Tuesday, February 28, 2012

Excela’s Heart Catheterization Lab Recognized for Excellence


Cardiac catheters are the primary tool of interventional cardiac care. They are used to diagnose heart or blood vessel problems. Injected into an artery in your arm or leg, catheters are then guided to the heart, where they can measure blood pressure, or by injecting a special dye, indicate any blockages. When a blockage is identified, the catheter can also be used to repair the situation.


Those procedures includes: Balloon angioplasty - where a small "balloon" is inserted and inflated to widen a blocked or narrowed blood vessel, Vascular stenting: during an angioplasty, a small wire mesh tube (stent) is placed within a blood vessel to help it remain open, Thrombectomy: A means of removing a blood clot from a blocked artery and Atherectomy, where a catheter with a special drill grinds away hardened, fatty material (plaque) that causes artery blockage.

Excela Health‘s heart catheterization lab becomes the first in Pennsylvania and one of five in the nation to receive a catheterization accreditation from the Accreditation for Cardiovascular Excellence (ACE). The guidelines are used to assure that patients are receiving effective, quality health care. The accreditation comes less than a year after an internal review found 192 patients who may have unnecessarily been treated with tiny wire mesh tubes in heart vessels.

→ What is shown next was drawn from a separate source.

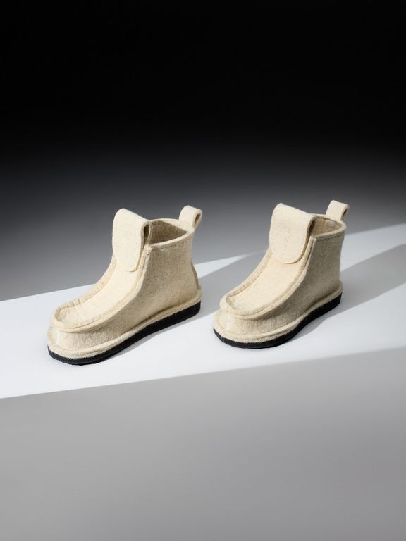 Валеши короткие белого цвета - повседневная зимняя обувь, изготовлена из войлока (100% натуральная овечья шерсть) на подошве из ЭВА (вспененный каучук). Модель имеет дополнительную вкладную стельку из войлока. Валеши предназначены для носки в холодных помещениях, а также при ведении домашнего хозяйства.
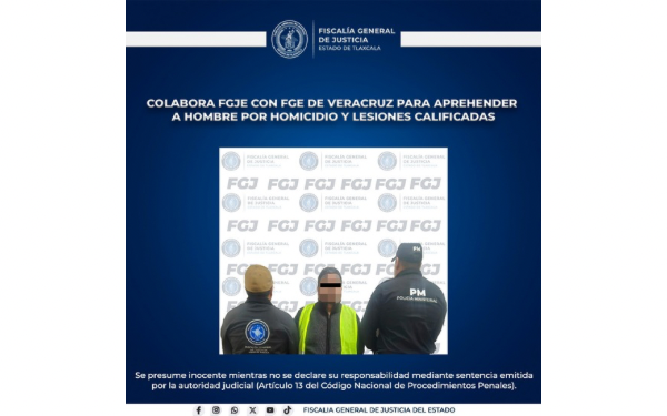 En cumplimiento del mandamiento judicial emitido por un Juez de Control del Juzgado de Proceso y Procedimiento Penal Oral de la ciudad de Huatusco, elementos de Investigación de la Fiscalía de Veracruz llevaron a cabo las labores de búsqueda correspondientes, localizando al investigado en territorio tlaxcalteca.

Seventy five of those patients filed lawsuits against the hospital. Chief Medical Officer Jerome Granato said they've turned the negative experience into a positive. "The problems that we had could have really damaged an institution, but we used those problems as a way really to rally our organization, to focus on who we were and to have our actions speak louder than our words," said Granato.

Excela voluntarily sought ACE cardiac accreditation which shows their uncompromising commitment to provide quality care to its patients.

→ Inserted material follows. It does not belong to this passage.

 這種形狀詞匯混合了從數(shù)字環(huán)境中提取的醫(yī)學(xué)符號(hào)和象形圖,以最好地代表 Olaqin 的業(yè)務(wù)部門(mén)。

Excela has also has taken the opportunity to hire 11 new Cardiologists, bringing the total of Cardiologists on staff to 16 professionals.

“We took this opportunity to really restructure the cath lab from the ground up, with our aims being not just to meet these requirements, but this was an opportunity to exceed these requirements and try to set really a new standard in terms of patient safety," said Dr. Howard P. Grill, medical director of Excela's Cardiac Catheterization Lab.